People expecting AMD to be sandbagging and get >>35% avg ST and >>40% avg MT uplift at stock to beat raptor lake are setting themselves up for disappointment. 7950X and 13900K look like they will be nigh indistinguishable both in terms of power and performance, 5-10% either way on all metrics (my guess is 13900K faster but with slightly worse efficiency). Fanboys will buy what their favorite company and claim the other solution is doggerel, everyone else should flip a coin or look at platform features (like longevity and AVX512 which is why I will look at 7950X most closely).
It’s wonderful that after Krzanich years of stagnation we have 2 fierce competitors and 2 good solutions.
Chipset bandwidth and features are actually what I am probably going to look at closely this time.
A lot of people don't look at those factors, but if you have more than just a simple setup like one m.2 and kb/mouse, it can make a difference.
The Z490 I have is miserable in this regard due to the DMI 3.0 x4 lanes to the chipset. A DMI 3.0 lane is basically like a PCIe 3.0 lane, bandwidth is ever so slightly faster on DMI but call it the same. Everything off the chipset, comes down to that interface.
Z590 was far better, with DMI 4.0 x4 (twice the bandwidth) and Z690 expanded to DMI 4.0 x8. From that perspective Z590 had basically the same bandwidth capability to the chipset as AMDs X570, which uses PCIe 4 x4 to its chipset, while the Z690 has significantly greater bandwidth (twice as much) by using twice as many lanes.
From what I can tell, Zen 4 will have PCIe 5 x4 to the X670 which matches the Z690's DMI 4.0 x8. On X670E, they may have PCIe 5.0 x4 to each of its two chipsets, but that isn't certain.
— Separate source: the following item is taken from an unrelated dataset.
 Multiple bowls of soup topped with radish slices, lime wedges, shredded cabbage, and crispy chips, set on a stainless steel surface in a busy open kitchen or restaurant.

Zen 4 has 24 PCIe 5.0 lanes, so 16 are used for GPU, and if you have two chipsets than presumably the other 8 are used on the two chipsets - so no PCIe 5.0 x4 off the CPU to an m.2 slot, it's going to be shared.
Alder Lake has 16 PCIe 5.0 lanes, 4 PCIe 4.0 lanes off the CPU, plus 8 DMI 4.0 lanes - this is equivalent to having 16 PCIe 5.0 and 12 PCIe 4.0 lanes.
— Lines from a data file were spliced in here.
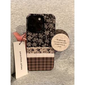 复古黑底碎花拼接棕格纹磁吸支架适用于16promax151413保护壳女壳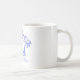Schöne Tasse des weißen Kaffees mit reizenden blauen Palmen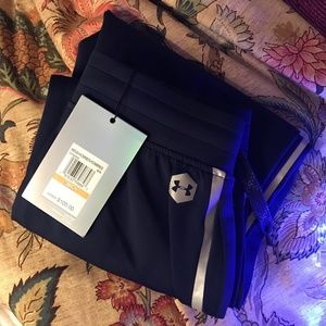 Under Armour athlete recovery sweat pants, navy blue with reflective silver outseam stripe.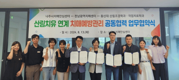 나주시보건소 치매안심센터(센터장 강동렬)는 최근 산림자원을 활용한 치매 예방 및 인지 기능 향상을 위해 다자간 업무협약을 체결했다고 14일 밝혔다.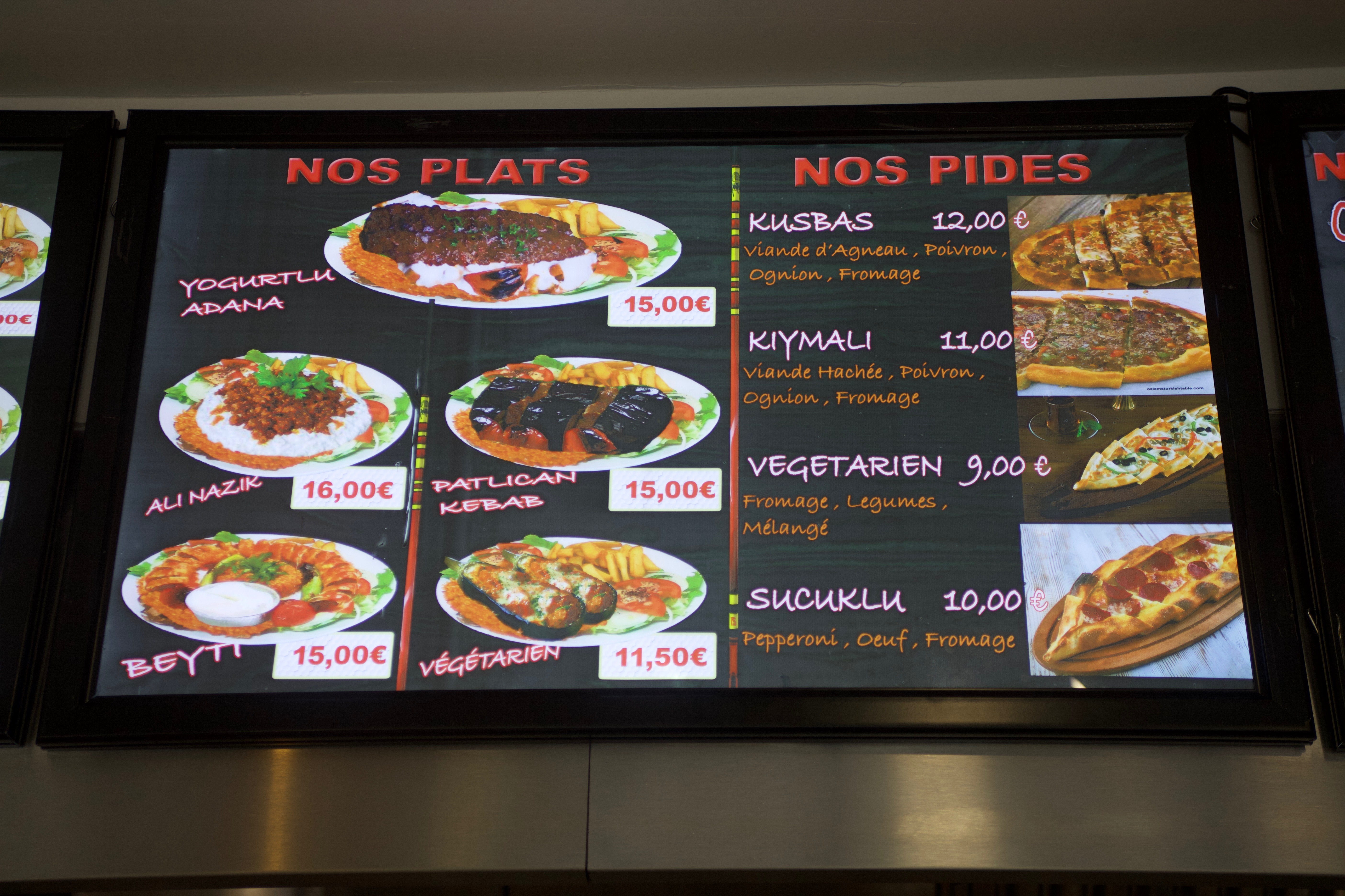 Spécialités turcs. Endroits très propre. Personnel très accueillant et souriant. Prix correctes. J'ai pris un doner kebab à emporter. Viande bonne et bien assaisonnée, juste une petite remarque pour les propriétaires peut être un peu trop de gras et peut être faire un effort sur la qualité des frites mais je mets tout de même 5 étoiles pour les encourager.

I am hoping that the Z790 bumps DMI up to 5.0 and keeps 8 lanes to the chipset. If it does that, then a Z790 will be superior to an X670E.
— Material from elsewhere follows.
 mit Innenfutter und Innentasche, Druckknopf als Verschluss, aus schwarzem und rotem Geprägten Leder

At the risk of ticking off a certain group of people, I should probably point out that the AMD B550 is one of the worst at this now. That chipset is still on a PCIe 3.0 x4 link to the CPU. Regardless of what you can connect to the board, it's all going to get packed into that interface, and that sucks. It's exactly like having a Z170 from many years ago.
The Intel B660M is actually a DMI 4.0 x4 interface to the chipset - same as an X570, and way way better for supporting PCIe 4 x4 m.2 and multiple USB 3.2 v2 and v2x2 off that shipset.